Like playing a AAA video game. Or crunching on a 500-row Excel sheet. Or writing a book.

Crazy as it sounds, people still actually create stuff, make things, and entertain themselves without an insatiable appetite to be multitasking "on-the-go". We're OK just sitting on our ass, sometimes, and want that to be a really great experience.

Who should win the battle over that second use case?

1. Mobile/tablet/embedded computing developers who need to worry about battery life, tiny form-factors, high costs, closed ecosystems, and fidgety input schemas for these uses?

2. Or, the desktop/living room developers who have access to basically infinite processing power, high-rez big-format displays, and comfortable mouse/keyboard/controller inputs?

There should be two huge markets here solving two obviously distinct use cases. But instead we've got one going full-steam and the other gravely wounded.

Please, someone innovate and making sitting here at my desk a great experience again...

Monday, July 1, 2013

You're only as good as your last film.

So the Hollywood adage goes.


In the news today in the gaming world, Don Mattrick, who was in charge of the Xbox division is moving to Zynga to take over from Mark Pincus as CEO.

Not surprisingly, online commentary has been brutal. One of my favorites was Christopher Bowen, Editor in Chief of Gaming Bus, posting on gamesindustry.biz: "those two deserve each other". Ouch!

Both Mattrick and Zynga have struggled lately. Zynga has seen an exodus of executives, a plummeting share price, and doesn't seem to have clear strategy laid out to repeat their early success on Facebook. Mattrick failed pretty miserably at the Xbox One product launch & PR.

That said...

Here's a guy who helped build, very arguably, the single biggest gaming brand of the past decade.

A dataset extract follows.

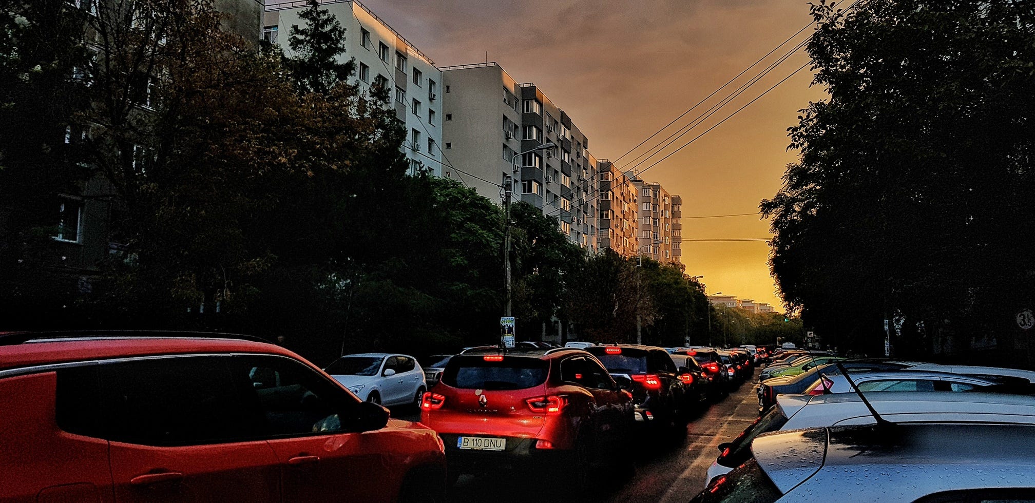 Evening does the opposite: it gathers edges, darkens facades, and lets windows and tail lights carry more of the scene than they should.

And here's a company that as a start-up created a completely new category of gaming, introduced tens, if not hundreds, of millions of humans to video games, and set the gold standard for a variety of topics including data analytics and cross-platform promotion for the whole industry.

That's not too shabby. And I haven't seen either come up once in commentary about this move.

But, then again, we're back to that old Hollywood adage...

Wednesday, May 15, 2013

Sometimes prioritizing is not the key to being efficient.

Recently, I've mapped out my own time allocated each week to various important priorities. These might be marketing, operations, product development, and strategy. Or Project A, Project B, Project C. Or whatever occupies your world.

What I discovered when I really mapped it all out is that my pie chart looks a lot more like the one on the right than the one on the left:


The Grey Ring of Death is all inevitable "overhead" of working in a large team, especially in a large company.

I think this is true for most people:

There's a lot more to be efficiency to be gained from increasing the size of the pie (by cutting the crap) than there is from fine-tuning the correct allocation of time, resources, and energy within the pie you have.

This is important for your teams too. Could you get more out of them by micromanaging their priorities or by reducing overhead wastage through removing the bullshit from their day to day work?

Tuesday, May 14, 2013

Lack of Opportunities for Truly Incremental Income





You have an hour. You've got a set of skills that are in demand (you know this, because someone’s paying you a salary to put them to work). And you've got an internet connection. Can you make money?

This is a problem I've been thinking about for more than five years. I've heard variations of this many times: “It’s only $5. You could just work at McDonald’s for an hour to own it.”

The problem with that statement is that it’s bullshit: it’s not possible to get hired at McDonald’s, work, and get paid all within the span of an hour.

I've experimented in many different ways. I aggregated content from pub quizzes I've run in Singapore and published that as an eBook. Also I created a Squidoo lens about the economic fundamentals of building a Singapore dividend investment portfolio. There’s been numerous other failed attempts.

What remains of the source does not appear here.